[MATERIAL FOR THIS EXERCISE]

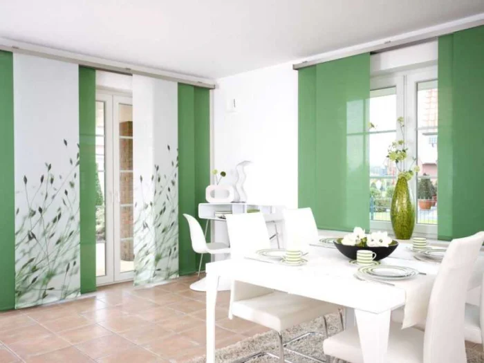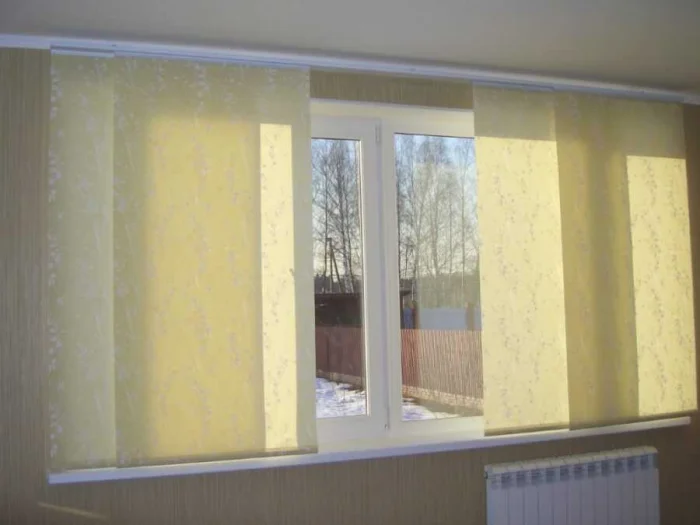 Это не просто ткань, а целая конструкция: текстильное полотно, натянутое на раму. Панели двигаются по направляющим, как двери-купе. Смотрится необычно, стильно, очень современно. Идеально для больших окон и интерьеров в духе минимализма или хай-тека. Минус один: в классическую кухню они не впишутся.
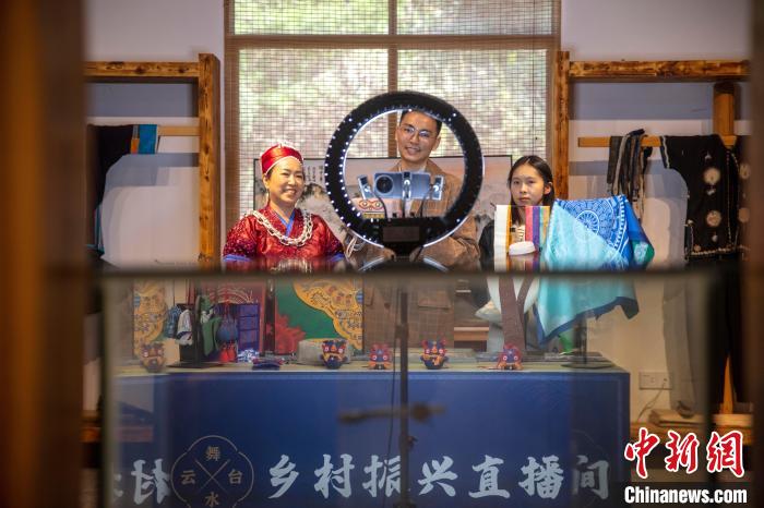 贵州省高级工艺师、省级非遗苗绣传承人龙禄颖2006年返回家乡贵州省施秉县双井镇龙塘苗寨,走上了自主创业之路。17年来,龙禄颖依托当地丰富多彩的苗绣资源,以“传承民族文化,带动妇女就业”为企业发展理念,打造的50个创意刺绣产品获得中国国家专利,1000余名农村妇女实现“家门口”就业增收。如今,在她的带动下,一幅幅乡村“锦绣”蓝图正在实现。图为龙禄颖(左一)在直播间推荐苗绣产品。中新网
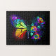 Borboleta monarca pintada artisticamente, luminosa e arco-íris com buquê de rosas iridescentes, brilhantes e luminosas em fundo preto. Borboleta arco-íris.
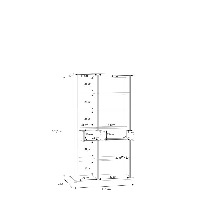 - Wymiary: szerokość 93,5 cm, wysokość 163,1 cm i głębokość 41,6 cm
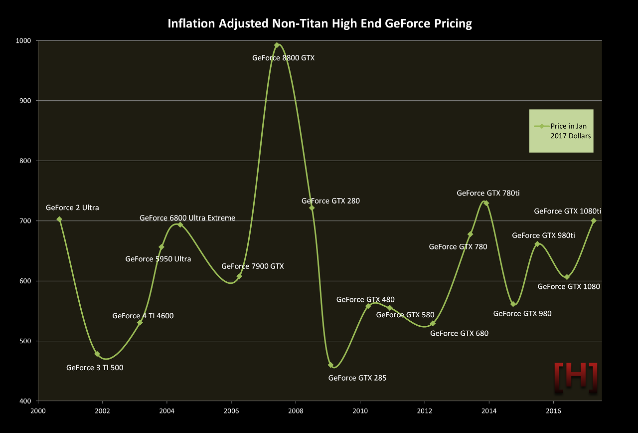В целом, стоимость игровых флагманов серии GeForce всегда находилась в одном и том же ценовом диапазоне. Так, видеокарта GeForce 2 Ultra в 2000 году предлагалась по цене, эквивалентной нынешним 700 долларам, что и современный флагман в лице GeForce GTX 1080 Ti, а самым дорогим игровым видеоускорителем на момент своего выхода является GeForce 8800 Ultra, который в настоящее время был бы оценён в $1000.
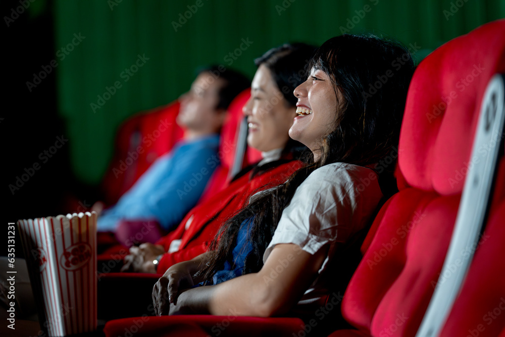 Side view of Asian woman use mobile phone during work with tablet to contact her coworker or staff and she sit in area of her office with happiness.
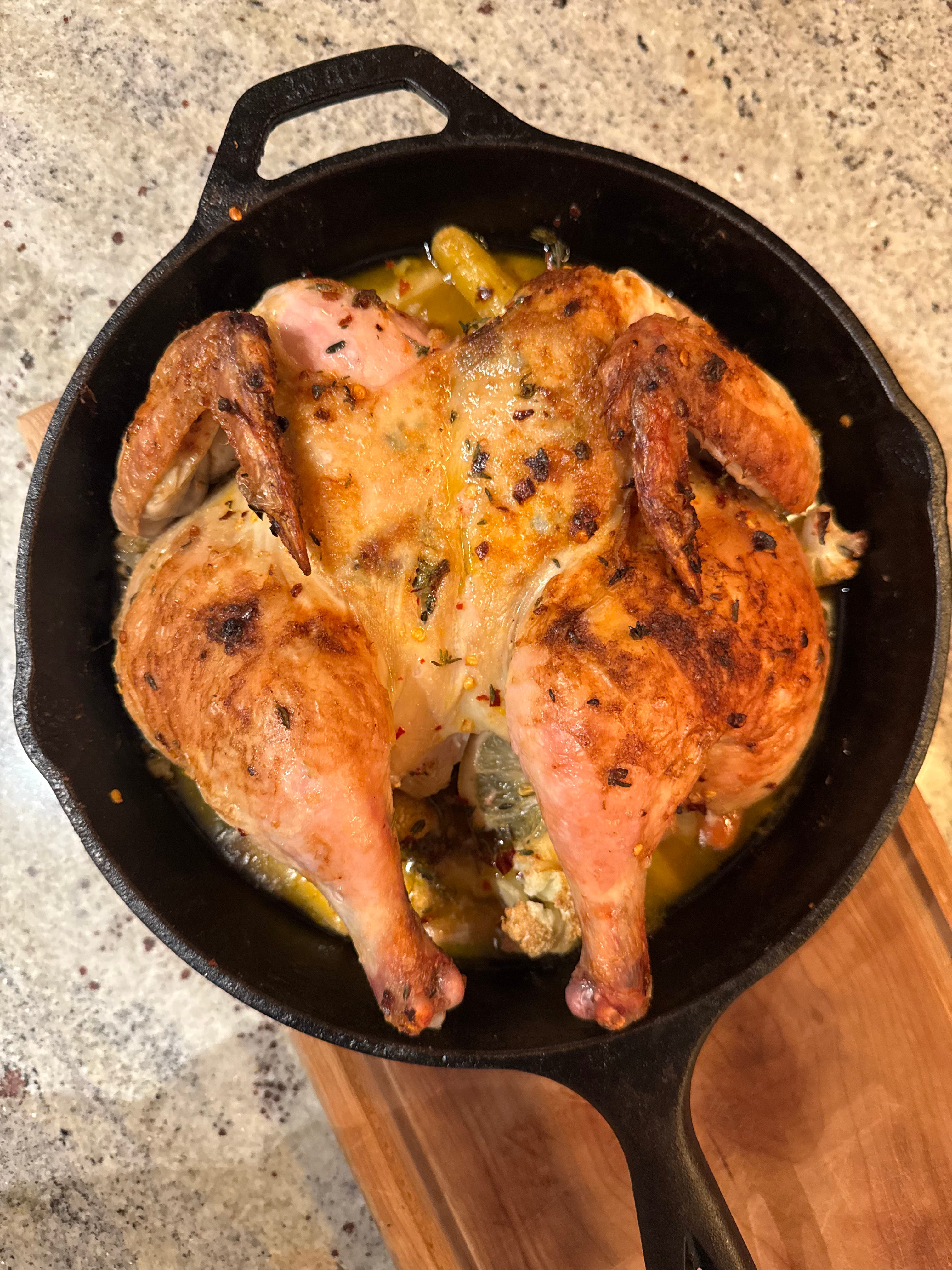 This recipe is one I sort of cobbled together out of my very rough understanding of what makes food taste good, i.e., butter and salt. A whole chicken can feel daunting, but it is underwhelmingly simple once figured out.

[/MATERIAL FOR THIS EXERCISE]
[MATERIAL FOR THIS EXERCISE]

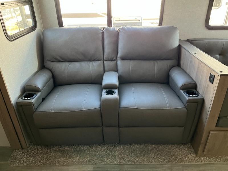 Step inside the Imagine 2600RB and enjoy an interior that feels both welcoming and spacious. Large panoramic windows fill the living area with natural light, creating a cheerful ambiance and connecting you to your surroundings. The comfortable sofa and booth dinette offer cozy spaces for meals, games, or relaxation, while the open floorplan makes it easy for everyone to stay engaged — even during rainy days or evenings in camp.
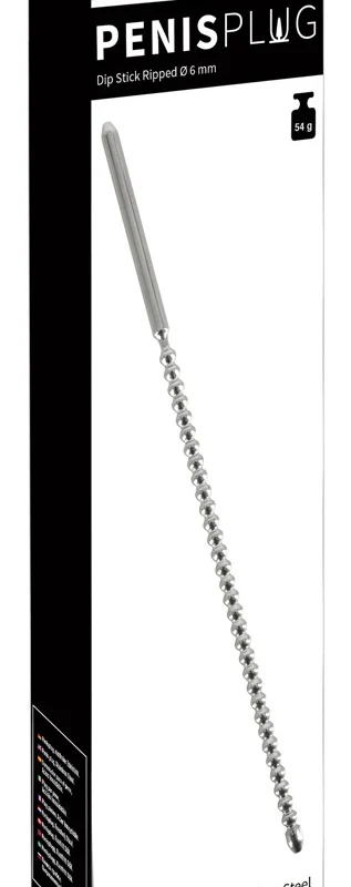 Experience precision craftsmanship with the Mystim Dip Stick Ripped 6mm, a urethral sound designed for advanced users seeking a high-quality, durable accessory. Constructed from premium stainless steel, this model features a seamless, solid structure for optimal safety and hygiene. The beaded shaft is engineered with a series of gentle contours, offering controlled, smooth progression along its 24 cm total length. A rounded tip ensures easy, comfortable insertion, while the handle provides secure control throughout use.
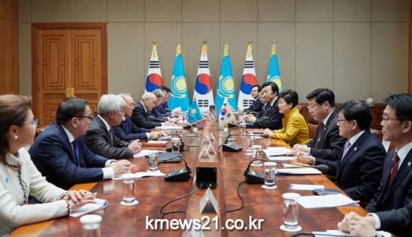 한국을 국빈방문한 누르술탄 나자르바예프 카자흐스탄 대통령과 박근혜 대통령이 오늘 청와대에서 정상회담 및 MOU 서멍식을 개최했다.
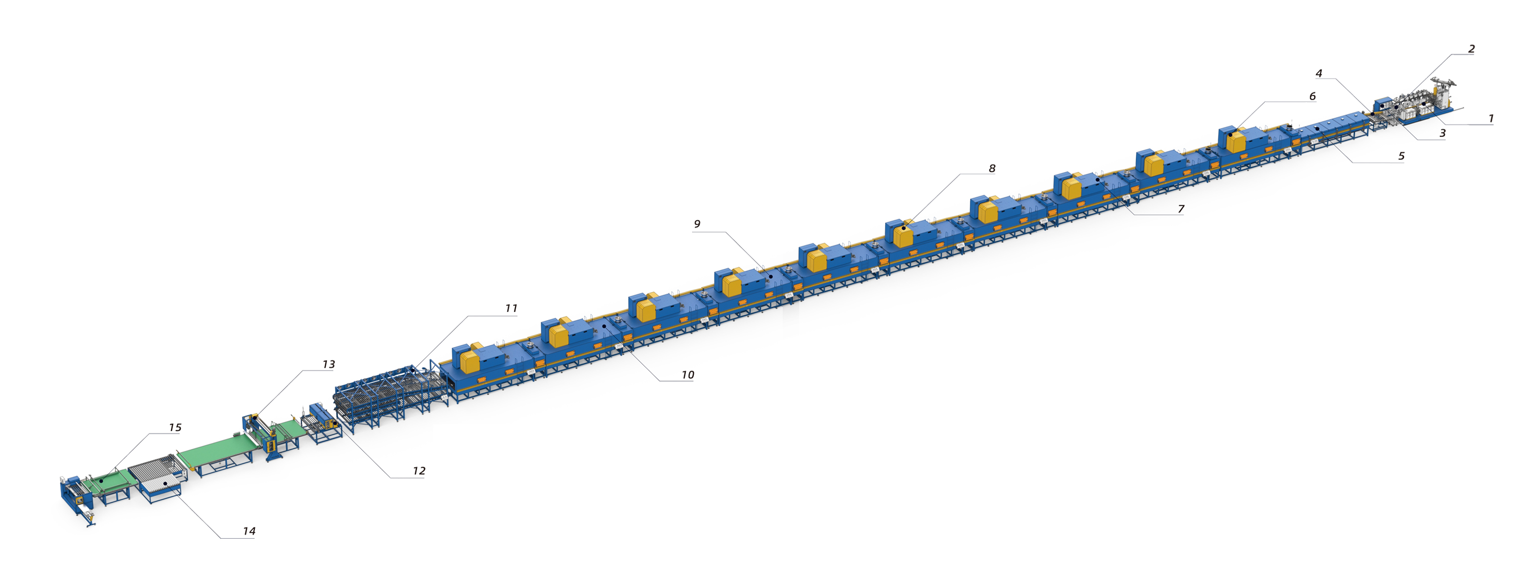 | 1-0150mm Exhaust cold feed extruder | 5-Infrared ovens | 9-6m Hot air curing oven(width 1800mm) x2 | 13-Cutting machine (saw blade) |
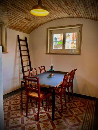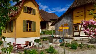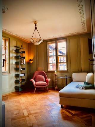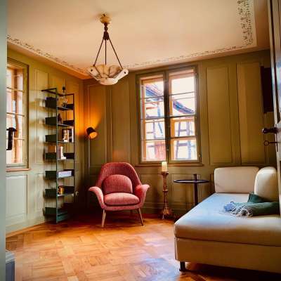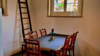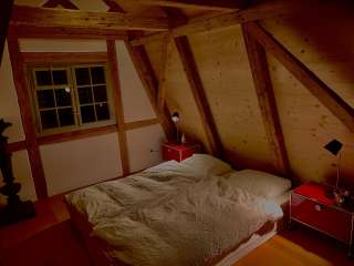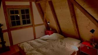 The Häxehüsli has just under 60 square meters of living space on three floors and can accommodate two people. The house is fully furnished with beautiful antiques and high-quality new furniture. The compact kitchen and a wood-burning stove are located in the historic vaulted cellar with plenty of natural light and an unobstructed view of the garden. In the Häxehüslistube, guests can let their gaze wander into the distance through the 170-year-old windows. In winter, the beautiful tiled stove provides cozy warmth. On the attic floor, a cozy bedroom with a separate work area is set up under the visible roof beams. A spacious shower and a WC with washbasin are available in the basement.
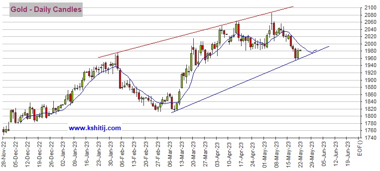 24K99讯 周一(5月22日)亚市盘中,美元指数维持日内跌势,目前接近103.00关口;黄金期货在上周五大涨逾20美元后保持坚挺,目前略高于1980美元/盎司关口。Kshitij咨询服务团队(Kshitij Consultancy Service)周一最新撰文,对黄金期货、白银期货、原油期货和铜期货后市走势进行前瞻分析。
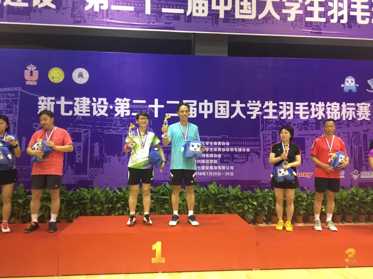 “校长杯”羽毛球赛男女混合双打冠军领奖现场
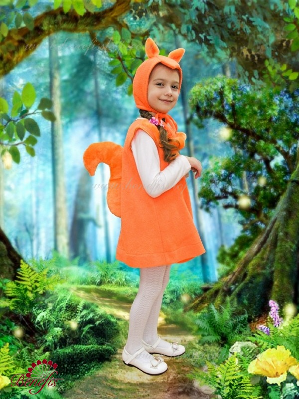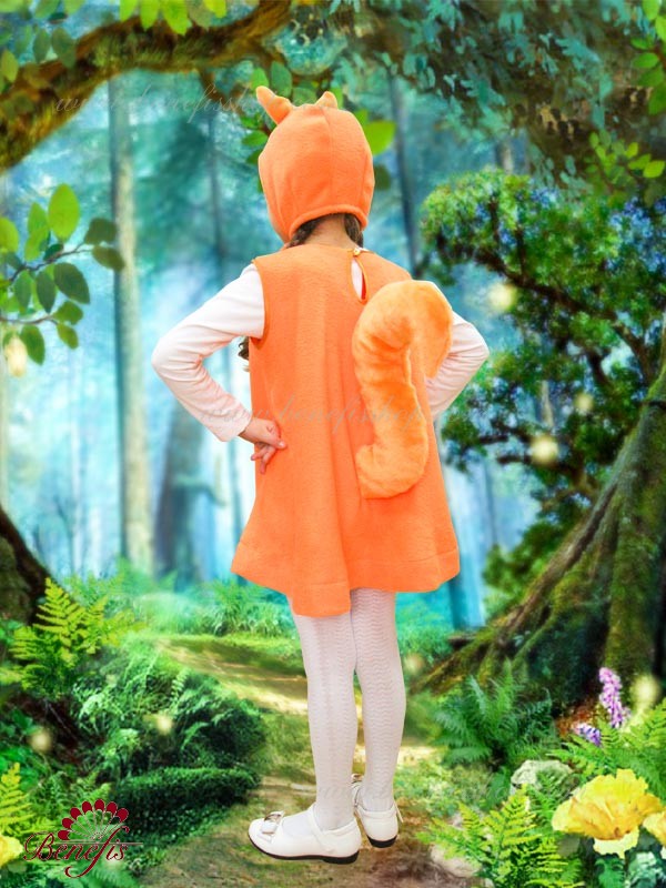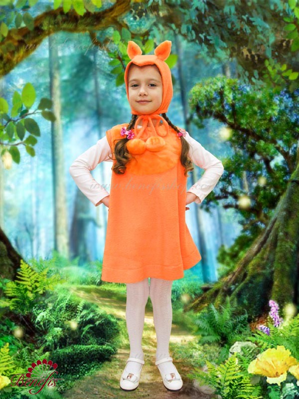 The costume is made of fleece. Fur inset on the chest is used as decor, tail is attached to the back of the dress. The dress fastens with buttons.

[/MATERIAL FOR THIS EXERCISE]

Exactly as written above, retype the lines starting at the one holding "Это не просто" and ending at the one holding "This recipe is", both included, but not the pictures.

 Это не просто ткань, а целая конструкция: текстильное полотно, натянутое на раму. Панели двигаются по направляющим, как двери-купе. Смотрится необычно, стильно, очень современно. Идеально для больших окон и интерьеров в духе минимализма или хай-тека. Минус один: в классическую кухню они не впишутся.
 贵州省高级工艺师、省级非遗苗绣传承人龙禄颖2006年返回家乡贵州省施秉县双井镇龙塘苗寨,走上了自主创业之路。17年来,龙禄颖依托当地丰富多彩的苗绣资源,以“传承民族文化,带动妇女就业”为企业发展理念,打造的50个创意刺绣产品获得中国国家专利,1000余名农村妇女实现“家门口”就业增收。如今,在她的带动下,一幅幅乡村“锦绣”蓝图正在实现。图为龙禄颖(左一)在直播间推荐苗绣产品。中新网
 Borboleta monarca pintada artisticamente, luminosa e arco-íris com buquê de rosas iridescentes, brilhantes e luminosas em fundo preto. Borboleta arco-íris.
 - Wymiary: szerokość 93,5 cm, wysokość 163,1 cm i głębokość 41,6 cm
В целом, стоимость игровых флагманов серии GeForce всегда находилась в одном и том же ценовом диапазоне. Так, видеокарта GeForce 2 Ultra в 2000 году предлагалась по цене, эквивалентной нынешним 700 долларам, что и современный флагман в лице GeForce GTX 1080 Ti, а самым дорогим игровым видеоускорителем на момент своего выхода является GeForce 8800 Ultra, который в настоящее время был бы оценён в $1000.
 Side view of Asian woman use mobile phone during work with tablet to contact her coworker or staff and she sit in area of her office with happiness.
 This recipe is one I sort of cobbled together out of my very rough understanding of what makes food taste good, i.e., butter and salt. A whole chicken can feel daunting, but it is underwhelmingly simple once figured out.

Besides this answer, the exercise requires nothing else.